KEXP's Sound & Vision airs every Saturday morning from 7-9 AM PT, featuring interviews, artistry, commentary, insight, and conversation to that tell broader stories through music, and illustrate why music and art matter. You can also hear more stories in the new Sound & Vision Podcast. New episodes are out every Tuesday. Subscribe now.


Soundgarden was the first group of Seattle’s grunge era to sign to a major record label, but for many years, their music was classified as “metal” and didn’t find mainstream success.

“Soundgarden is an interesting band and because their influences are more punk early on and then more metal,” says music journalist Charles R. Cross. “They'd released a couple albums that were definitely in the heavy metal section of a record store.”

Then came the album Superunknown.

“This record moves them to the front of the store,” says Cross.

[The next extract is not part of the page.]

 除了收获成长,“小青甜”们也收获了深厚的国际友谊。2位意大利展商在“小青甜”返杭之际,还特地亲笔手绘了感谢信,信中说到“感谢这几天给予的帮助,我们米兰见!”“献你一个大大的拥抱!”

The band’s breakthrough album included the singles “Spoonman,” “Black Hole Sun,” “Fell on Black Days,” and “My Wave," and hit number one on the Billboard 200 chart.

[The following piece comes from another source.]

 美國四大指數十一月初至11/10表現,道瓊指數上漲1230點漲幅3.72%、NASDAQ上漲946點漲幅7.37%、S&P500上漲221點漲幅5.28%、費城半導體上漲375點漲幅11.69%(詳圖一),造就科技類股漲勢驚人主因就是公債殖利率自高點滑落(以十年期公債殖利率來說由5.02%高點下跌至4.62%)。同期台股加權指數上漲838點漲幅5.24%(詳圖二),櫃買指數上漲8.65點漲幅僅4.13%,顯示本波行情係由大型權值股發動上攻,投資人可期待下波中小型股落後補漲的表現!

KEXP DJ Marco Collins spoke with Cross about Superunknown, which came out only a month before Kurt Cobain’s death, and how it came to typify Seattle’s music scene in 1994. This is part of Sound & Vision’s occasional series called “Northwest Classics” – where we dive into the stories behind iconic albums from the region.

On the release of Superunknown coinciding with the death of Kurt Cobain:

Superunknown was released on March 8th, 1994. Exactly a month later, on April 8th, 1994, Kurt Cobain's body is discovered. He had died three days before. They felt weird about it because they had just released this record. Nobody knew Kurt was going to die a month later. But they had the fortune commercially to have a record that had just come out. Kurt's death certainly helped sell In Utero and helped sell a ton of MTV Unplugged when that record finally came out. But it also brought attention to Soundgarden, and they felt weird about that.

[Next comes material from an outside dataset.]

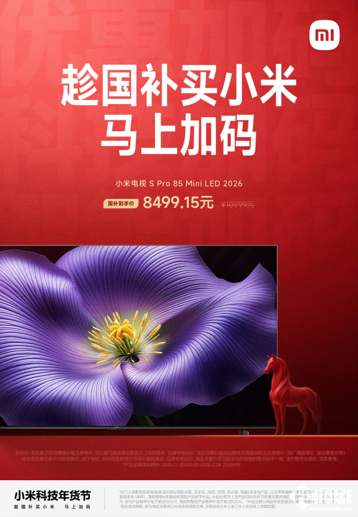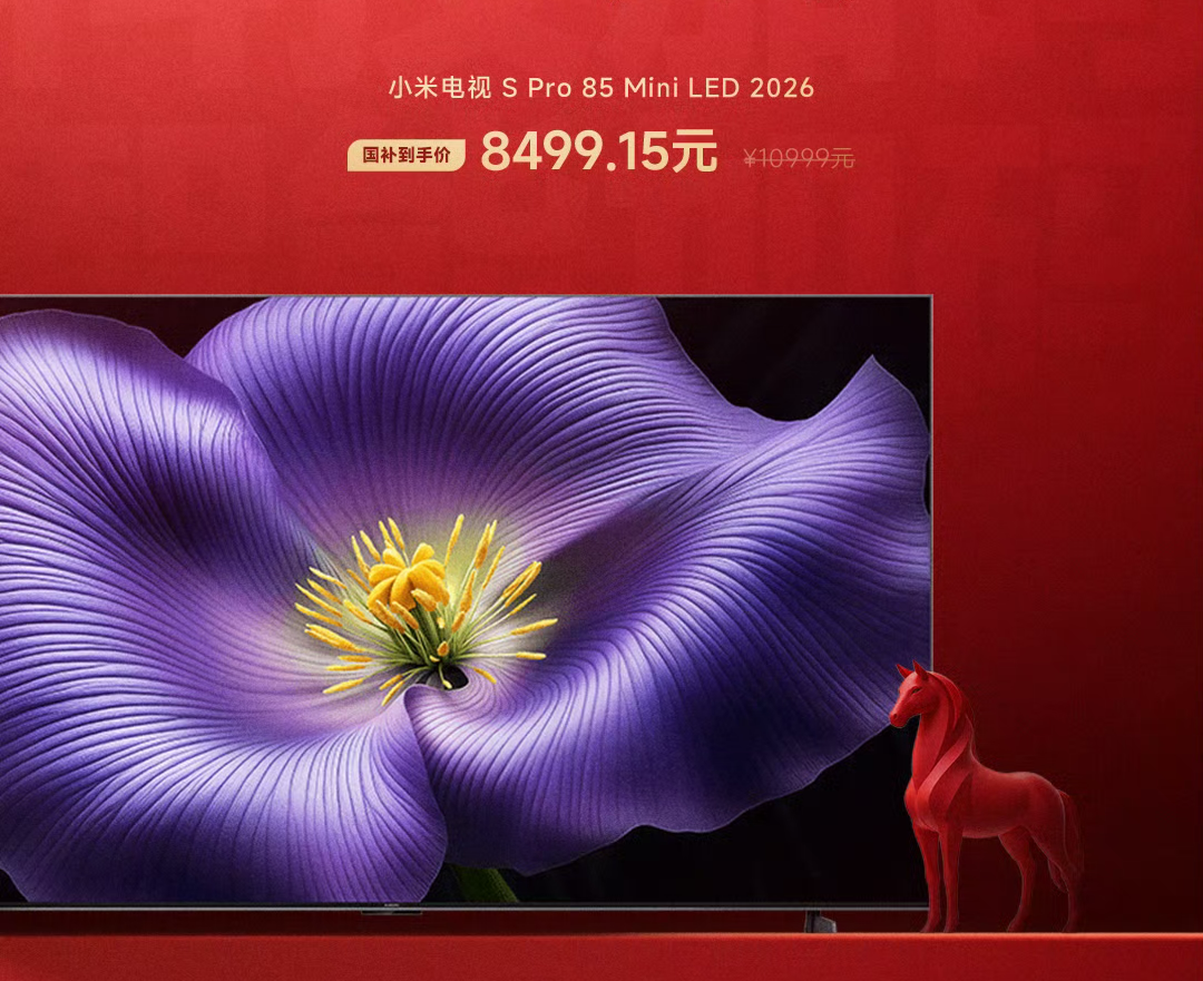 1月25号消息,小米科技年货节正在进行中,多款小米家电都有优惠,其中小米电视S Pro 85 Mini LED 2026国补到手价8499.15元。

On Chris Cornell’s suicide and the songs of Superunknown:

Here are some of the things Chris told me about the songs on this album. “Let Me Drown” was about crawling back to the womb to die. I'll say one thing is obvious about Cornell, is that he had this sort of ghoulish laugh when he talked about this stuff. Kurt Cobain had sort of a similar thing where he could talk about very, very deep topics and kind of laugh when he was doing it. But, you know, “Fell on Black Days,” he told me, was about realizing you're unhappy to the extreme. And now that he's gone, it sounds different to say that he said that. But when he said it, he was laughing.

On Soundgarden breaking out of the metal genre with Superunknown:

There had been this perception of Soundgarden, they'd been on A&M Records and there'd been this perception that they were going to make butt rock. And what they did with this record was surprise everybody. They made a record with depth and layers. I mean, “Fell on Black Days,” that song I could listen to every single day of my life. It is the theme song to Seattle more than “Black Hole Sun.” The dark cloud sound of that captures the atmosphere of life in Seattle more than any other song.

On Chris Cornell’s prowess as a singer:

There was always an elegance and kind of a laid-back approach he took. You hear that in the way he even sings “Fell on Black Days.” It's not like Layne Staley or Eddie Vedder. It did not have that same energy to it. But what an amazing singer, he could sing the phone book and it would sound great. I mean, Chris Cornell was just an unbelievable singer. And this record is not just Chris Cornell, it's Kim and Matt and Ben. It's a great band at the height of their powers. And it's 1994 Seattle. And unfortunately, it's it. We're never going to have this sound again. We're never going to hear Chris Cornell sing a new song, that breaks my heart every day when I think about it. But when I listen to this record, it brings me back to that time.